Saving and Loading#

Have questions? Chat with us on Github or Slack:

Homepage Slack Status

So far, we’ve only covered modifying data with the transform() function. We constructed or loaded DataFrames with Pandas and then applied the transformation with a distributed computing engine. This setup will become a bottleneck for large files since we are loading everything at once on the driver node. On the other hand, loading a DataFrame using Spark, Dask, or Ray locks in the code to those frameworks.

In order to make end-to-end workflows that are compatible with all backends, Fugue exposes two main ways to to load and save data that are compatible with all backends. The first is with the transform() function. The second is using the load() and save() functions of the Fugue API.

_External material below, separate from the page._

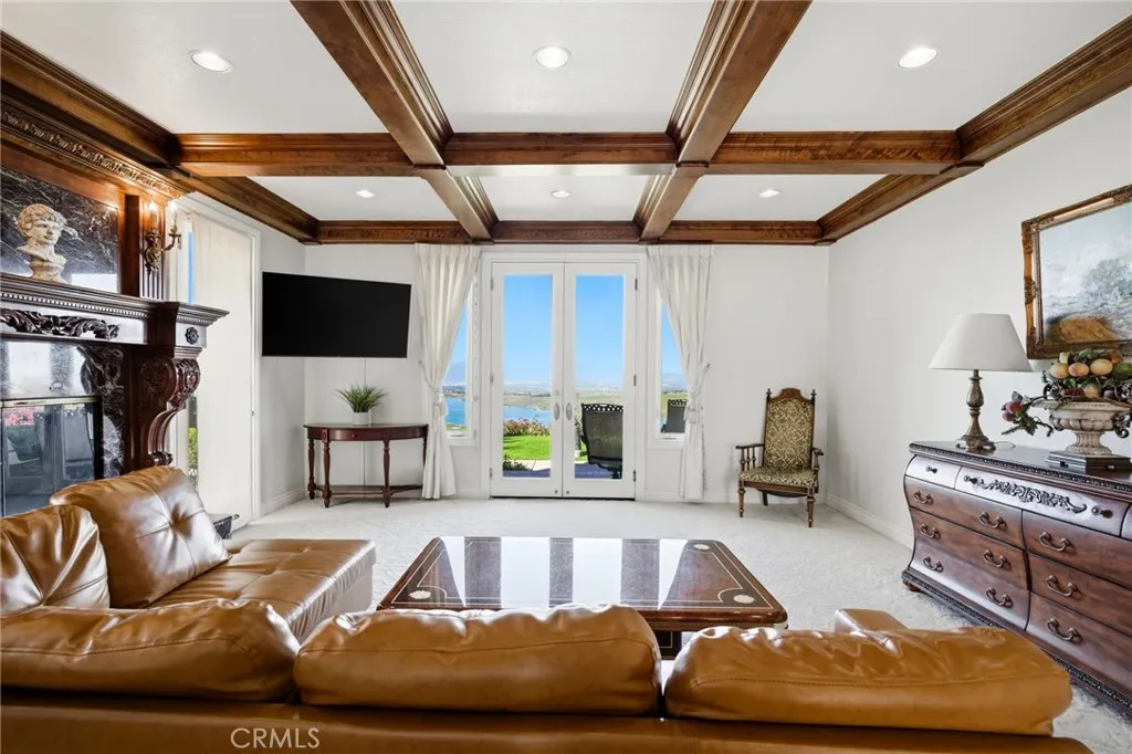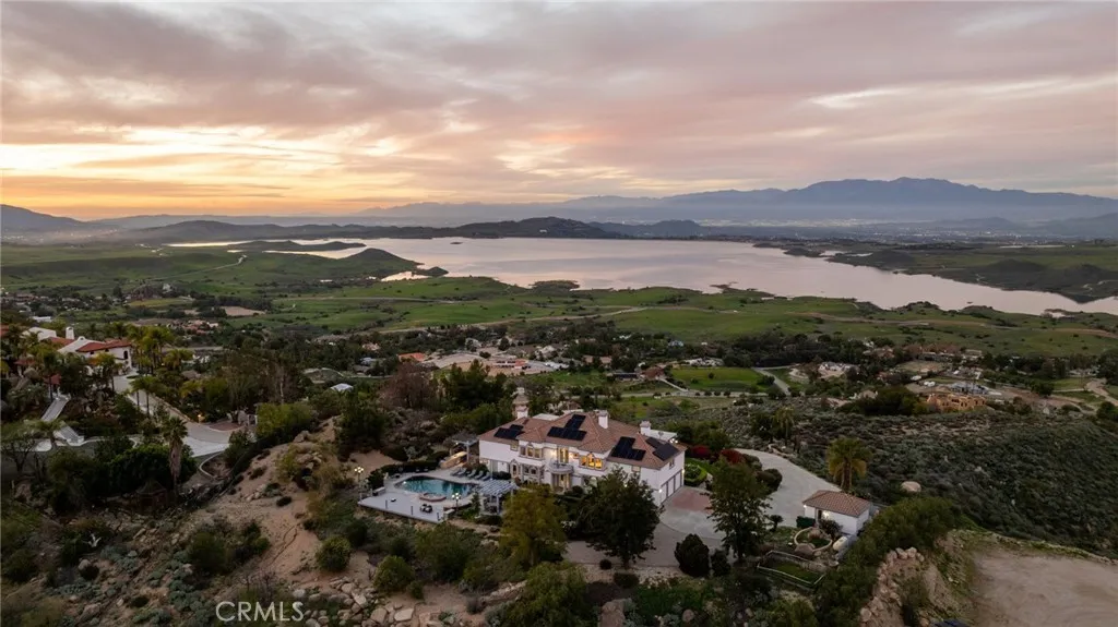 Positioned on 4.33 acres overlooking Lake Mathews, this exceptional custom estate offers Panoramic Lake, Valley & Mountain Views | Gated Entry | Private Hilltop Setting. Enjoy sunrises to the east | sunsets to the west | seasonal snow-capped mountain views, creating a dynamic natural backdrop. The residence blends classic architectural presence with modern amenities and a private hilltop setting. A Gated driveway leads to a spacious interior featuring Soaring Ceilings | Multiple Living Areas | Formal Dining | Library/Office. The chefs kitchen includes Granite Countertops | Custom Cabinetry | Stainless Appliances, opening to the family room with Fireplace | Open-Concept Entertaining. The primary suite offers Sitting Area | Double-Sided Fireplace | Spa-Style Bath | Multiple Balconies | Scenic Views. Outdoor amenities include Pebble-Finish Pool & Spa | Covered Patios | Two Cabanas | Built-In BBQ Island | Landscaped Grounds | Fruit & Citrus Trees | Elevated Stone Paver View Patio. Currently utilized by the seller for short-term rental use | Income-producing configuration | Historical rental information may be available upon request. The property offers added flexibility with two legally distinct parcels (separate APNs), providing future development or expansion considerations subject to Riverside County approval and buyer verification. Features such as NO HOA | SOLAR PANELS | Detached Workshop | Extensive Parking may support a variety of ownership strategies including luxury retreat use, multigenerational living, or long-term investment positioning. R-A-2 1/2 zoning and the pri

transform() using file path#

The transform() function can take in a file path instead of a DataFrame to load in data before performing the transformation. The engine specified will be used to directly load the file. First, we make an example file:

import pandas as pd
from fugue import transform

df = pd.DataFrame({"a": [1,2]})
df.to_parquet("/tmp/f.parquet")

Now we use the Dask engine to load in the data and apply the dummy() function.

def dummy(df:pd.DataFrame) -> pd.DataFrame:
    return df

res = transform("/tmp/f.parquet", dummy, schema="*", engine="dask")
res.compute()
a
0 1
1 2

To save the results, the transform() function can also take in a save_path argument. By default, it will return the path where it was saved, which is helpful for consecutive transform() calls.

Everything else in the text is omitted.